Even though some of the gimmicks that work for celebrities (fasts, extreme low calorie diets) may possibly work for them, they can be a lot too dangerous without appropriate supervision. Still, you can find some ways to rev things up in your world when it comes to weight reduction.

Reduce your calories. This may sound obvious, but it is not as easy as it sounds. To really do this, you have got to pay attention to every bite of food you put in your mouth. Many people find that food journals help them truly “see” how many extra calories they are taking in each day. Another calorie trap is sampling food while you are cook. Sometimes this trap can be avoided by chewing gum while cooking. Those additional changes to any weight loss plan you are attempting have the potential to help you shed extra weight immediately.

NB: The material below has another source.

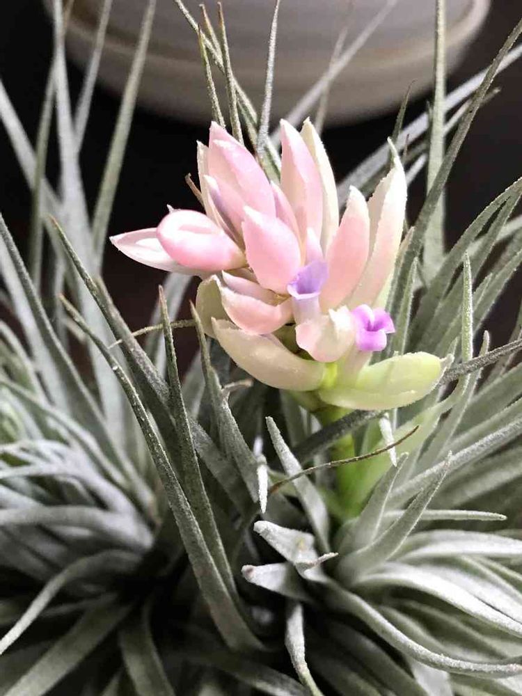 初めて買ったエアープランツ。コットンキャンディというそうです。紫色の小花が咲きました。
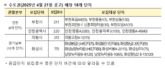 공고 게시: 수도권은 2025년 4월 21일부터, 비수도권은 4월 28일부터 단지별 공고가 LH청약플러스에 게시됩니다.

Lose the excess water weight you are carrying. For lots of people, water weight and bloating account for component of the weight they need to lose. Fast tips for decreasing excess water include drinking a healthy quantity of water every day (6-8 glasses.) Even though this may perhaps seem counterproductive, the water intake will spur your body on to eliminating excess as it uses the hydration to function correctly.

An effortless diet for many people to follow is one that is not overly restrictive. You are setting yourself up for failure once you make unrealistic demands of your self. This means, for many people, that cutting out each and every ounce of any particular food group can not last for long. And most of us know, the fallout once you lost that self control ends in bingeing on more than you’d have eaten had you been on a much more moderate diet.

For this reason, you need to come across a strategy that it is possible to follow with out losing self control. Plan out how you need your own program to work and then execute it. The initial extra weight reduction that you experience from eliminating water weight and decreasing calories will inspire you to even larger objectives.